Eitan had come to see Alex in the hospital, despite the police officer posted at her door. Men like Eitan were like Grays. They found a way in.
He’d sat by her bed in the chair Dean Elliot Sandow had occupied only a day before. His eyes were red and the stubble on his chin was growing out. But his suit was as slick as ever, the gold chain at his neck like some throwback to the seventies, as if it had been handed down by another generation of pimps and panderers, the passing of the torch.
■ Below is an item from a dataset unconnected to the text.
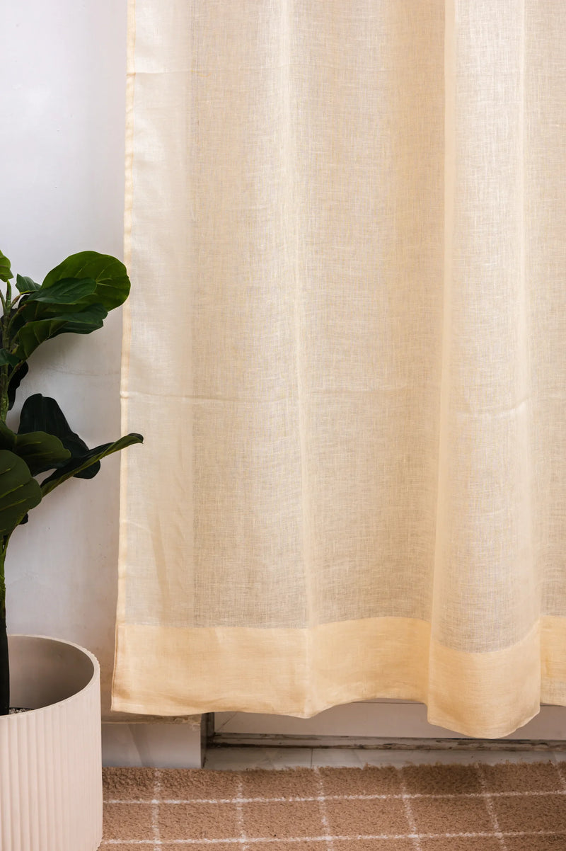 Handcrafted from 100% premium linen in the trending butter yellow hue, these sheer curtains capture the essence of accessible luxury while delivering the mood-enhancing benefits that yellow brings to modern interiors. The inherent properties of natural linen create a light, airy texture that tenderly filters daylight, fostering an atmosphere of warmth and cheerful tranquillity.

“You almost die the other night,” he’d said. Alex had always liked his accent. She’d thought it was French at first.
She hadn’t known how to reply, so she licked her lips and gestured to the pitcher of ice chips. Eitan had grunted and nodded.
“Open your mouth,” he’d said, and spooned two ice chips onto her tongue.
“Your lips are very chapped. Very dry. Ask for Vaseline.”
“Okay,” she’d croaked.
“What happen that night?”
“I don’t know. I got to the party late.”
“Why? Where were you?”
So this was an interrogation. That was fine. Alex was ready to confess.
“I did it.” Eitan’s head shot up. “I killed them all.”
Eitan slumped back in his chair and ran a hand over his face. “Fucking junkies.”